2. The diphenylmethane diisocyanate composition of claim 1, in which the content of 2,4 isomer is from 5 to 27%.

3. The diphenylmethane diisocyanate composition of claim 1 or 2, in which the methylene bridged polyphenyl polyisocyanates content is from 10 to 75%, preferably from 10 to 50%.

4. The diphenylmethane diisocyanate composition of claim 1 and 2, comprising: a) 30 to 75% of diphenylmethane diisocyanate; b) 5 to 25% diphenylmethane diisocyanate uretonimine-containing derivative; c) 20 to 60% of a reaction product of diphenylmethane diisocyanate and a diol or mixture of diols of number average molecular weight less than 250; and d) up to 75%, preferably 0.1 to 50% of methylene bridged polyphenyl polyisocyanates of isocyanate functionality higher than two.

5. The diphenylmethane diisocyanate composition of any one of claims 1 to 4, in which the uretonimine group-containing derivative is made by converting from 3.5 to 35% of the isocyanate groups in diphenylmethane diisocyanate to carbodiimide groups by heating the diisocyanate in the presence of a catalyst, cooling the mixture, deactivating the catalyst if desired and then allowing the carbodiimide groups to react further to give the uretonimine derivative.

6. The diphenylmethane diisocyanate composition of any one of claims 1 to 5, in which the reaction product of the diol and diphenylmethane diisocyanate is the reaction product of 0.02 to 0.40 molar, preferably 0.03 to 0.25 molar, most preferably 0.05 to

0.10 molar proportions of diol with 1 molar proportion of diphenylmethane diisocyanate.

7. The diphenylmethane diisocyanate composition of any one of claims 1 to 6, which is stable at 5°C for more than 90 days without crystallization.

8. The diphenylmethane diisocyanate composition of any one of claims 1 to 7, which is stable at 0°C for at least one week without crystallization.

9. The diphenylmethane diisocyanate composition of any one of claims 1 to 8, which is stable at -10°C for at least one day without crystallization.

10. A non-heated container containing the diphenylmethane diisocyanate composition of any one of claims 1 to 9.

11. A process for the manufacture of the diphenylmethane diisocyanate composition of any one of claims 1 to 9 which comprises blending a diphenylmethane diisocyanate diol reaction product with a diphenylmethane diisocyanate uretonimine group- containing derivative and diphenylmethane diisocyanate and optionally methylene bridged polyphenyl polyisocyanates of isocyanate functionality greater than two.

12. A process for the manufacture of the diphenylmethane diisocyanate composition of any one of claims 1 to 9 which comprises mixing a solution of a uretonimine group- containing derivative of diphenylmethane diisocyanate in diphenylmethane diisocyanate with a diol or mixture of diols under such conditions that urethane formation but no other reaction takes place, and optionally methylene bridged polyphenyl polyisocyanates having an isocyanate functionality greater than two.

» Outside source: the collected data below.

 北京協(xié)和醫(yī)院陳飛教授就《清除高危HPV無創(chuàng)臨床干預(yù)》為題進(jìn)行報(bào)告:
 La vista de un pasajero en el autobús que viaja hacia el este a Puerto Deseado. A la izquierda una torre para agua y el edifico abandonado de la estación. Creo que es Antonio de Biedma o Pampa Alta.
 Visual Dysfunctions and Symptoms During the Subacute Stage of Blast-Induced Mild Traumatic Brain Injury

13. A process for the manufacture of the diphenylmethane diisocyanate composition of any one of claims 1 to 9 in which diphenylmethane diisocyanate is first treated with a phosphorus-containing catalyst to convert from 10 to 30% of the isocyanate groups to carbodiimide groups which then react with isocyanate groups to give a solution of the uretonimine group-containing derivative in the diisocyanate, there is then added from 50 to 150% of diphenylmethane diisocyanate based on the weight of the original diisocyanate and this mixture is then reacted with one or more diols below 85°C in such amount as to give a final composition having an isocyanate group content of from 22 to 30% and optionally methylene bridged polyphenyl polyisocyanates having an isocyanate functionality greater than two are added to the composition.

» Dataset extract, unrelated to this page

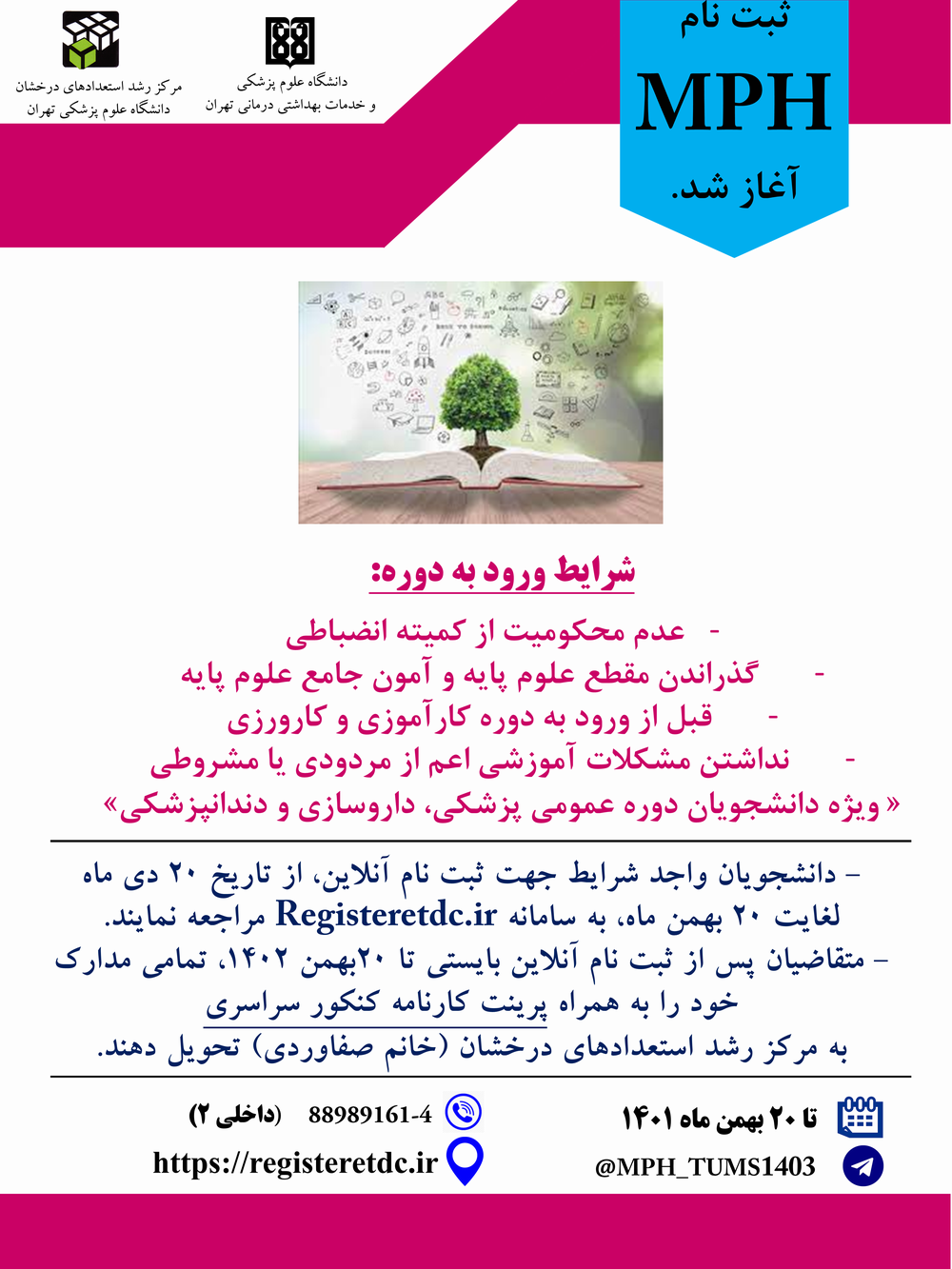 به گزارش سینا رسانه دانشگاه علوم پزشکی تهران مرکز رشد استعدادهای درخشان، متقاضیان واجد شرایط ثبت نام در دوره تحصیل همزمان MD/DDS/Pharm-MPH از 20 دی ماه تا 20 بهمن 1402 مهلت دارند، پس از ثبت نام بر روی سامانه  Registeretdc.ir، مدارک خود را به صورت فیزیکی به کارشناس مربوطه در مرکز رشد استعدادهای درخشان دانشگاه علوم پزشکی تهران ( سپیده صفاوردی ) ارائه کنند.
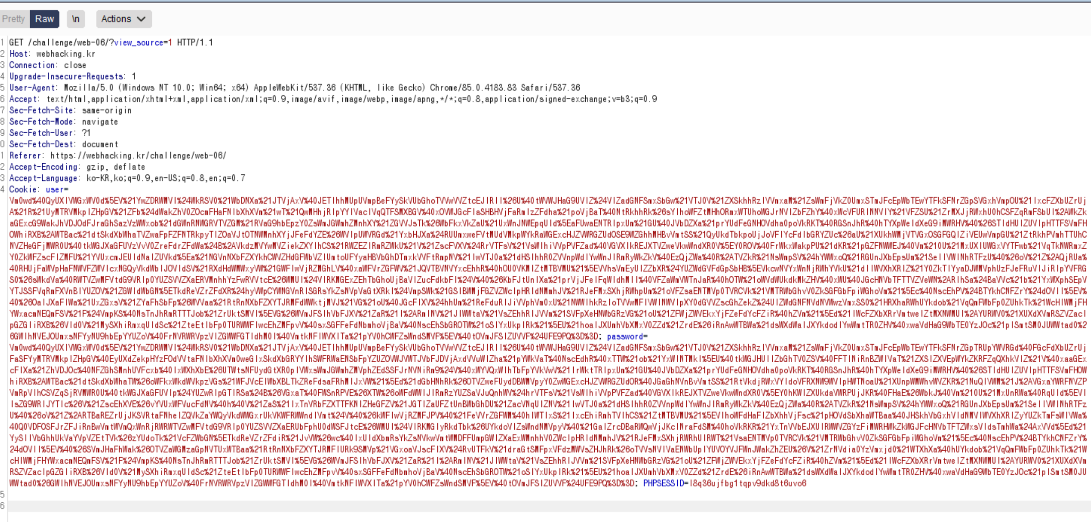 버프슈트로 view-source 링크로 넘어갈 때의 값을 보니 으마으마하게 긴 ID와 PW가 보인다.

14. A process for making a polyurethane comprising reacting at least the composition of any one of claims 1 to 9 with at least one isocyanate-reactive composition.

15. A polyurethane article obtainable by the process of claim 14.

16. The polyurethane article of claim 15 which is selected from the group consisting in microcellular polyurethane, semi-rigid polyurethane, integral skin polyurethane foams, solid polyurethane mouldings, polyurethane encapsulants and polyurethane coatings.